Quote:
Confusingly, in public-health circles, the word airborne has a technical meaning that’s not just “carried through the air.” When people are infected with respiratory viruses, they emit viral particles whenever they talk, breathe, cough, or sneeze. These particles are encased in globs of mucus, saliva, and water. Bigger globs fall faster than they evaporate, so they splash down nearby—these are traditionally called “droplets.” Smaller globs evaporate faster than they fall, leaving dried-out viruses that linger in the air and drift farther afield—these are called “aerosols.” When researchers say a virus is “airborne,” like measles or chickenpox, they mean that it moves as aerosols. When the World Health Organization asserts that the new coronavirus is “NOT airborne,” it’s claiming that the virus instead spreads primarily through the close-splashing droplets, which either land directly on people’s faces or are carried to their faces by unwashed, contaminated hands.
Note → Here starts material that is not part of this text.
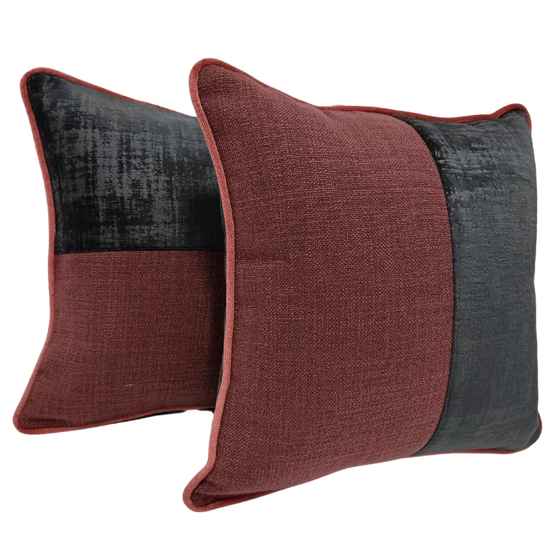 Add a bold touch to your decor with these pillow covers featuring a rich burgundy and deep charcoal combination. The textured and smooth fabric blend with terracotta piping offers a modern and elegant look. Perfect for sofas, beds, or cozy nooks.
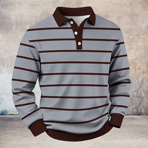 Per uomo A righe Polo da rugby Polo da Golf Manica Lunga Magliette polo Collo ripiegato Casual All'aperto Casual Quotidiano Abbigliamento casual alla moda 3D Stampato Autunno Inverno Giallo Marrone

Such messaging is “really irresponsible,” argues Don Milton, an expert in aerosol transmission at the University of Maryland. The scientific community doesn’t even agree about whether aerosol transmission matters for the flu, so “to say that after three months we know for sure that this [new] virus is not airborne is … expletive deleted,” he says. Milton and other experts who study how viruses move through the air say that the traditional distinction between big, short-range droplets and small, long-range aerosols is based on outdated science. Lydia Bourouiba of MIT, for instance, has shown that exhalations, sneezes, and coughs unleash swirling, fast-moving clouds of both droplets and aerosols, which travel many meters farther than older studies predicted. Both kinds of glob also matter over shorter distances: Someone standing next to a person with COVID-19 is more likely to be splashed by droplets and to inhale aerosols.